▶ [EXERCISE INSTRUCTIONS]
Please repeat exactly the lines below from the line with "Men's Casual Summer" to the line with "BONOVI ZA PREHRANU", including both, and leave out every picture.

Data excerpts
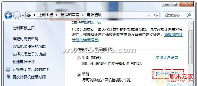 控制面板→硬件和声音→电源选项,再单击“改变计划设置”
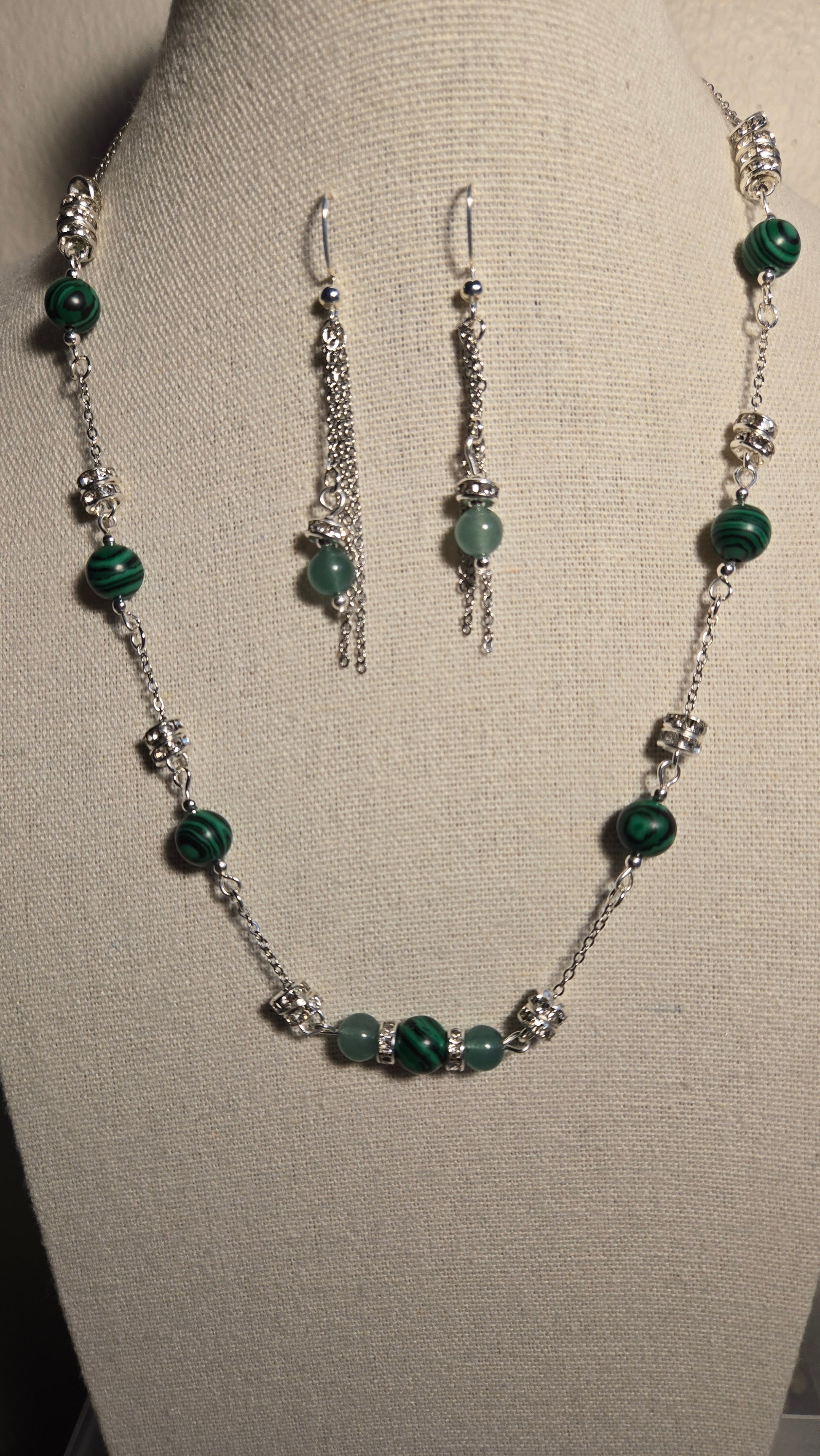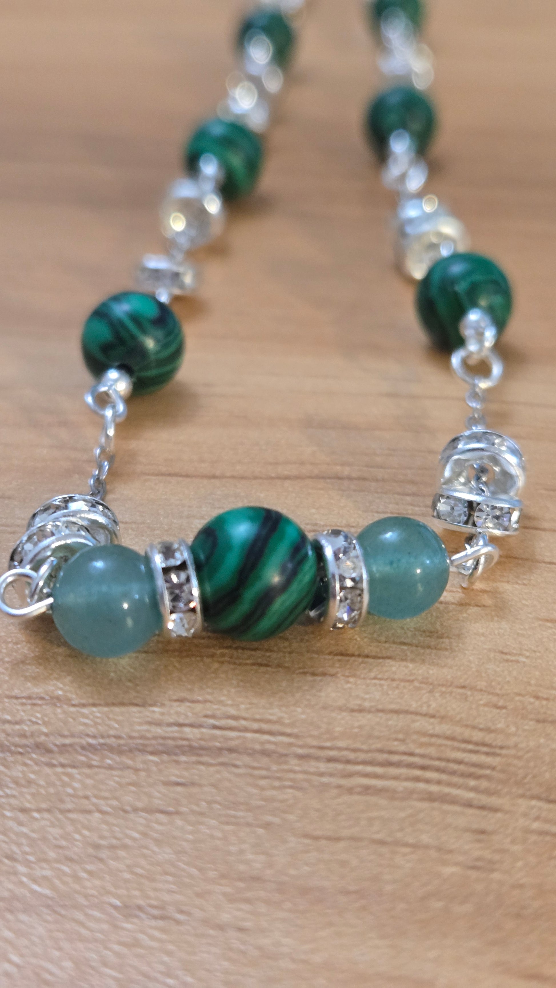 An elegant jewelry set that combines lustrous green pearls with deep emerald stones, adorned with sparkling silver details that add a touch of luxury and refinement. Its modern design enhances your look with natural beauty and graceful femininity, making it the perfect choice for special occasions.
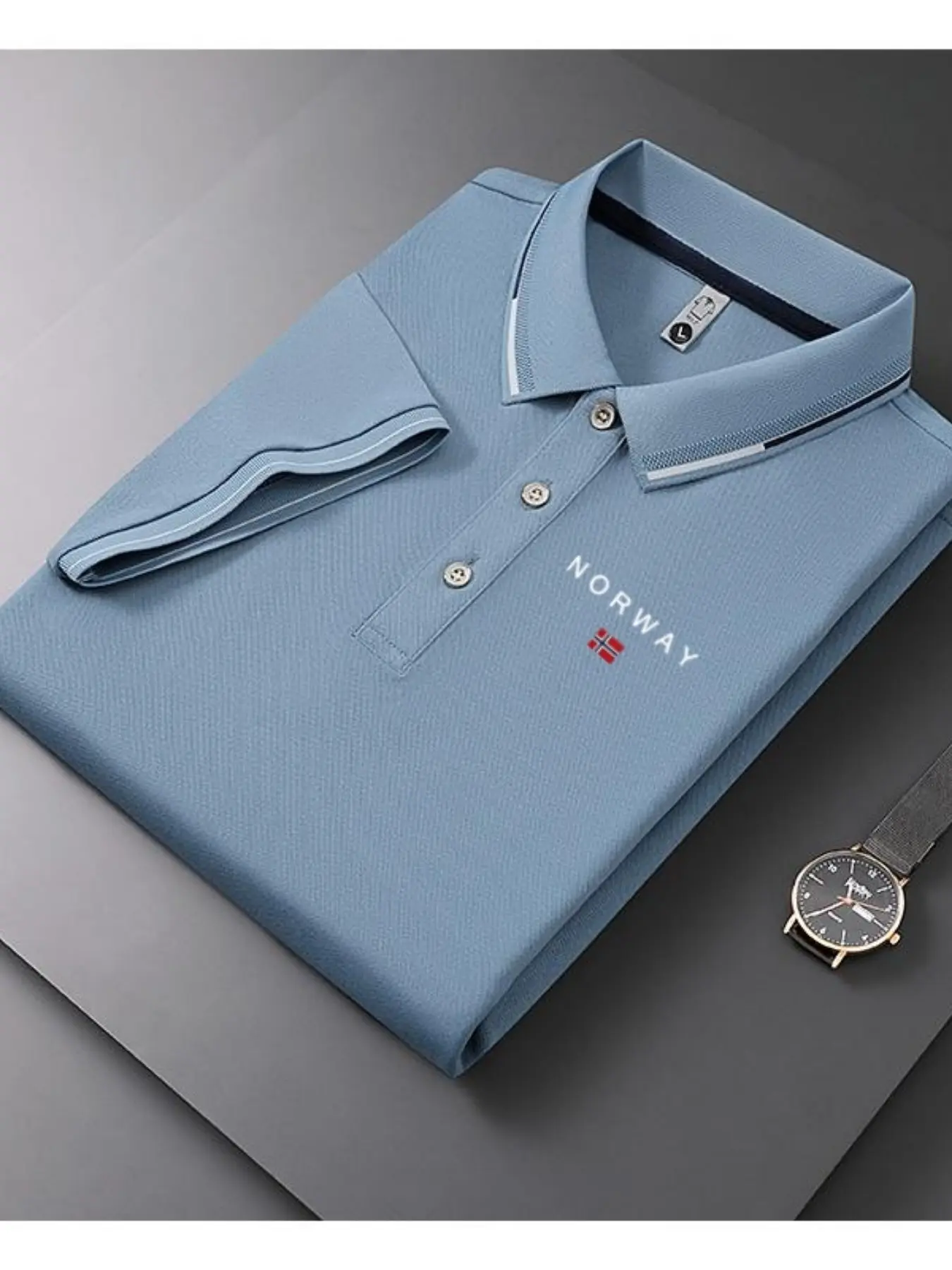 Men's Casual Summer Print T-Shirt, Iceland Flag Design, Geometric Pattern, Lightweight Breathable Polo Shirt, Short Sleeve Top
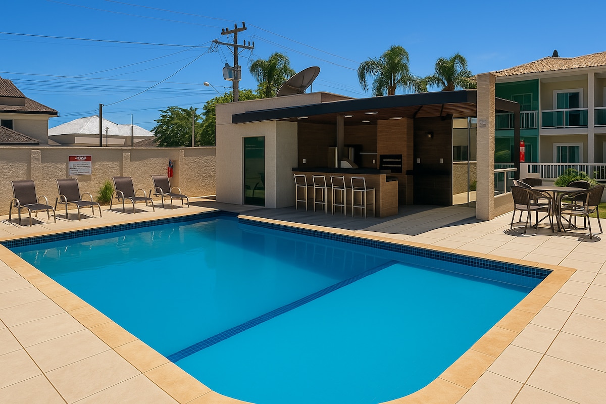 📍 Central location - Cabo Frio 🛌 Ideal flat for a couple with a child SPACE: Queen size bed + 1 single auxiliary Air conditioning ❄️ 43” Smart TV 📺 Fast Wi-Fi 📶 Compact kitchen 🍽️ (Air Fryer + rice cooker) Bed and bath linens 🧼 Home office space 💻 CONDOMINIUM: Swimming pool 🏊 Sauna 😌 Gym 🏋️ Restaurant 🍽️ Garage 🚗
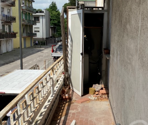 Appartamento al piano primo con annessa autorimessa al piano terra facente parte di fabbricato residenziale che si sviluppa su quattro piani fuori terra situato a Mestre (VE) in via San Fermo. Abitazione composta da un ingresso, ripostiglio, una cucina abitabile, un soggiorno, disimpegno, due camere da letto, un bagno e poggiolo. Al piano terra è presente il garage con ingresso da sud.
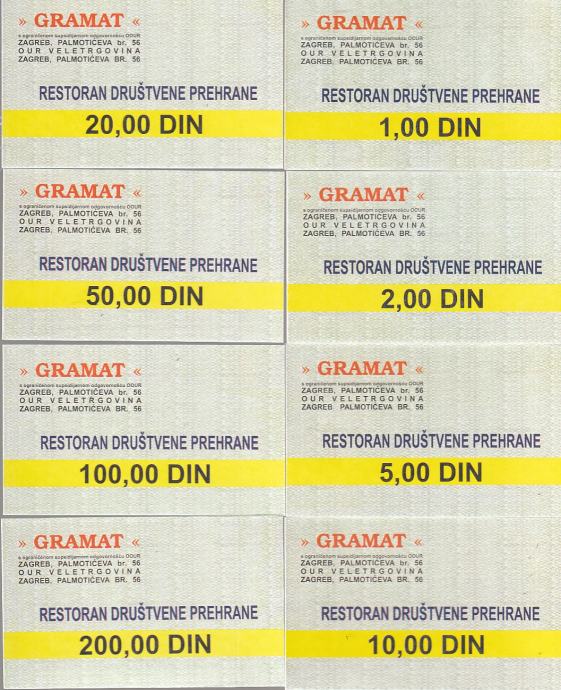 BONOVI ZA PREHRANU "GRAMAT"VRIJEDNOSTI 1,2,5,10,20,50,100,200,DINARA
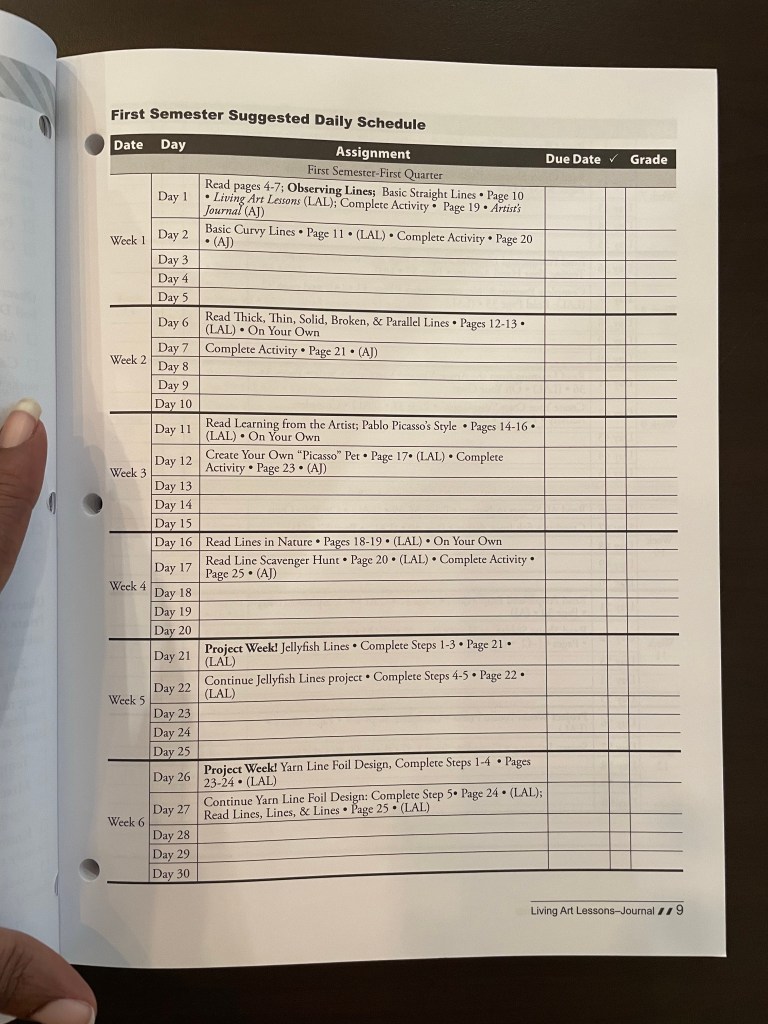 Perfect for students in grades 4-6, Living Art Lessons by Master Books, is broken into 36 weeks of art lessons done twice a week. This is an easy to implement curriculum and each lesson on,y takes 30-45 minutes. Other than gathering supplies, it’s low prep with everything you need for instruction included in Text and the Artist’s Journal. You’ll find an outline of the weekly schedule at the front of the Artist’s Journal as well as space to check off completed assignments, fill in dates, and add in grades.

▶ [THE COMPLETED TASK]
 Men's Casual Summer Print T-Shirt, Iceland Flag Design, Geometric Pattern, Lightweight Breathable Polo Shirt, Short Sleeve Top
 📍 Central location - Cabo Frio 🛌 Ideal flat for a couple with a child SPACE: Queen size bed + 1 single auxiliary Air conditioning ❄️ 43” Smart TV 📺 Fast Wi-Fi 📶 Compact kitchen 🍽️ (Air Fryer + rice cooker) Bed and bath linens 🧼 Home office space 💻 CONDOMINIUM: Swimming pool 🏊 Sauna 😌 Gym 🏋️ Restaurant 🍽️ Garage 🚗
 Appartamento al piano primo con annessa autorimessa al piano terra facente parte di fabbricato residenziale che si sviluppa su quattro piani fuori terra situato a Mestre (VE) in via San Fermo. Abitazione composta da un ingresso, ripostiglio, una cucina abitabile, un soggiorno, disimpegno, due camere da letto, un bagno e poggiolo. Al piano terra è presente il garage con ingresso da sud.
 BONOVI ZA PREHRANU "GRAMAT"VRIJEDNOSTI 1,2,5,10,20,50,100,200,DINARA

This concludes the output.